- DATASET SECTION
☆ ☆ ☆ ☆ ☆

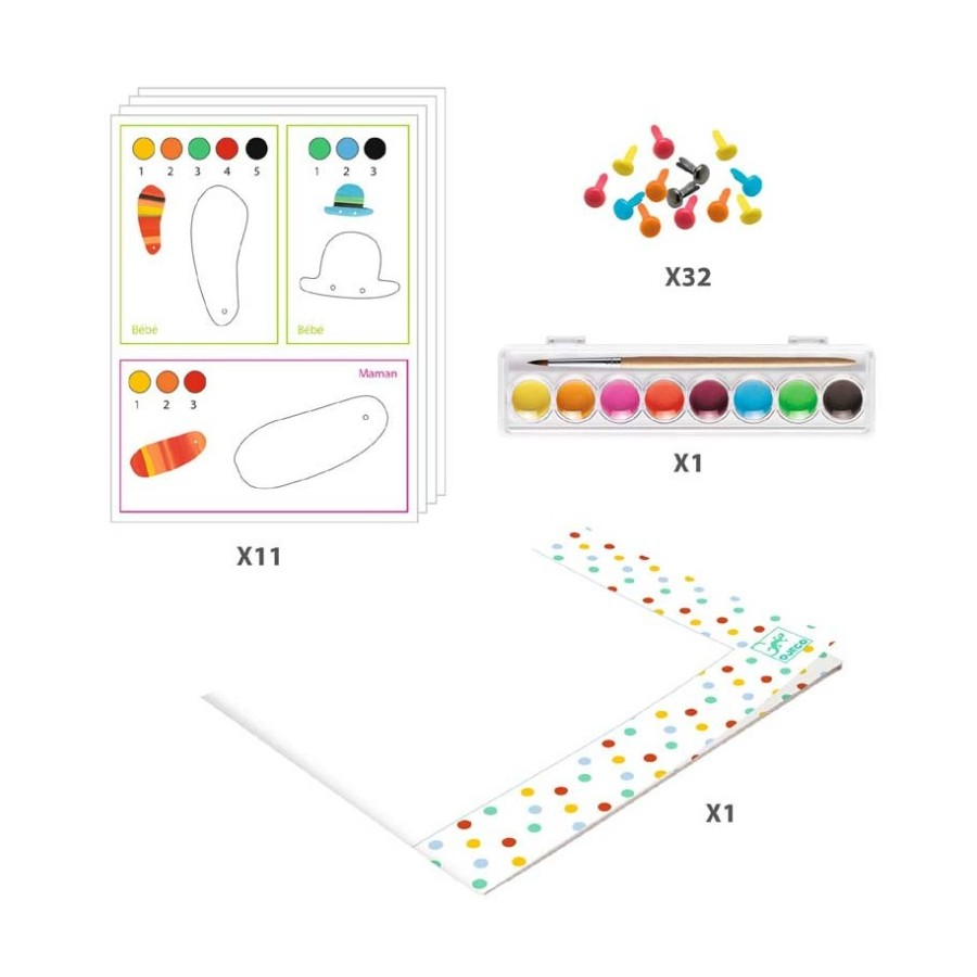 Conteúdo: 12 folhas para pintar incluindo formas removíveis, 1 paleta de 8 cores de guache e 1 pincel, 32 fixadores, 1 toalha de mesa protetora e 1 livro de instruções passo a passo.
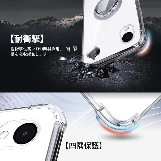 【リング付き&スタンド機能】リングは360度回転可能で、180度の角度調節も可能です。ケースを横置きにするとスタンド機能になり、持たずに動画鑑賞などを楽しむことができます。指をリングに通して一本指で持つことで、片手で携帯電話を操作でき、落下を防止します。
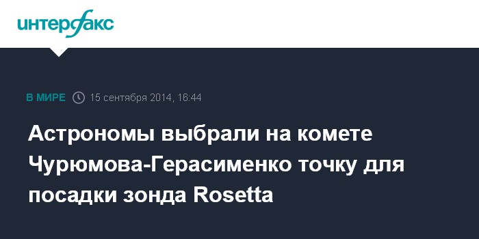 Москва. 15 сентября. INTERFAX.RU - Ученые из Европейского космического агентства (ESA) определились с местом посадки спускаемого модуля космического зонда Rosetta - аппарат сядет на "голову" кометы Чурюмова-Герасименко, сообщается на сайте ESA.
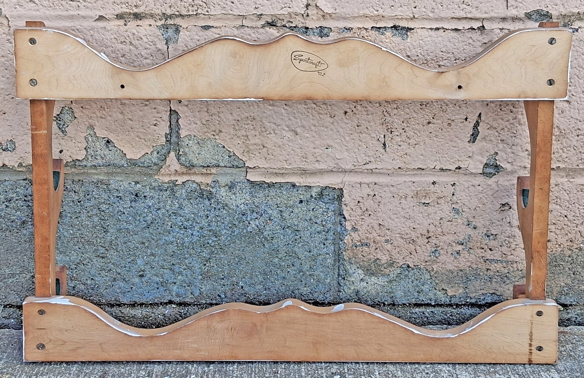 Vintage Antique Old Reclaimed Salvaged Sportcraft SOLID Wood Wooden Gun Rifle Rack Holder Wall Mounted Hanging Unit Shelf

☆ ☆ ☆ ☆ ☆

- BRIEF
Reproduce all the data as it stands. The pictures are not part of the copy.

- EXPECTED OUTPUT
 Conteúdo: 12 folhas para pintar incluindo formas removíveis, 1 paleta de 8 cores de guache e 1 pincel, 32 fixadores, 1 toalha de mesa protetora e 1 livro de instruções passo a passo.
 【リング付き&スタンド機能】リングは360度回転可能で、180度の角度調節も可能です。ケースを横置きにするとスタンド機能になり、持たずに動画鑑賞などを楽しむことができます。指をリングに通して一本指で持つことで、片手で携帯電話を操作でき、落下を防止します。
 Москва. 15 сентября. INTERFAX.RU - Ученые из Европейского космического агентства (ESA) определились с местом посадки спускаемого модуля космического зонда Rosetta - аппарат сядет на "голову" кометы Чурюмова-Герасименко, сообщается на сайте ESA.
 Vintage Antique Old Reclaimed Salvaged Sportcraft SOLID Wood Wooden Gun Rifle Rack Holder Wall Mounted Hanging Unit Shelf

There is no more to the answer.